=== Problem to solve ===
Leave out the pictures and set down the rest of the listing below word for word.
━━━ Given data ━━━
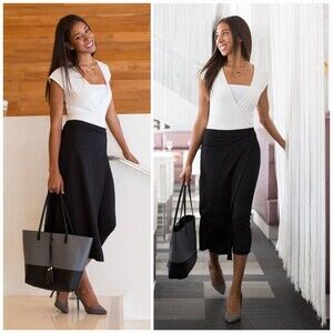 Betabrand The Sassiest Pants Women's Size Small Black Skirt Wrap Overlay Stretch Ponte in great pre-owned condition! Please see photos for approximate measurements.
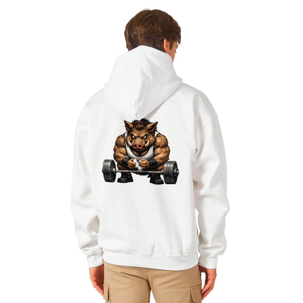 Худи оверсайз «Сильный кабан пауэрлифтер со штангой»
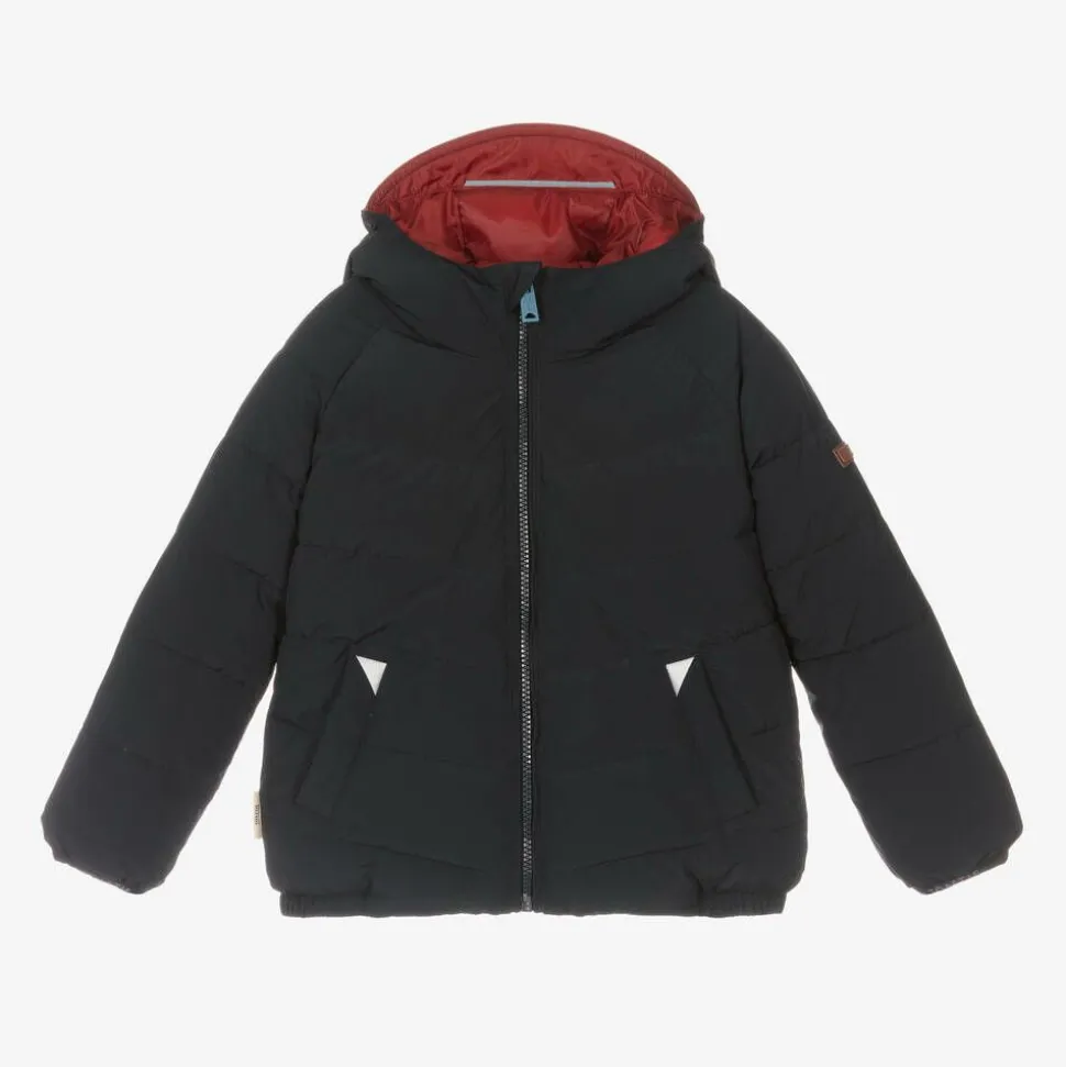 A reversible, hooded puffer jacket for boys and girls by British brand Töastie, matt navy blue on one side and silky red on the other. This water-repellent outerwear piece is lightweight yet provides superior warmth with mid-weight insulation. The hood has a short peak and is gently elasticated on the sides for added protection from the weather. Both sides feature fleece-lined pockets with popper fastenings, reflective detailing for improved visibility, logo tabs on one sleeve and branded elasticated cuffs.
━━━
=== Response ===
 Betabrand The Sassiest Pants Women's Size Small Black Skirt Wrap Overlay Stretch Ponte in great pre-owned condition! Please see photos for approximate measurements.
 Худи оверсайз «Сильный кабан пауэрлифтер со штангой»
 A reversible, hooded puffer jacket for boys and girls by British brand Töastie, matt navy blue on one side and silky red on the other. This water-repellent outerwear piece is lightweight yet provides superior warmth with mid-weight insulation. The hood has a short peak and is gently elasticated on the sides for added protection from the weather. Both sides feature fleece-lined pockets with popper fastenings, reflective detailing for improved visibility, logo tabs on one sleeve and branded elasticated cuffs.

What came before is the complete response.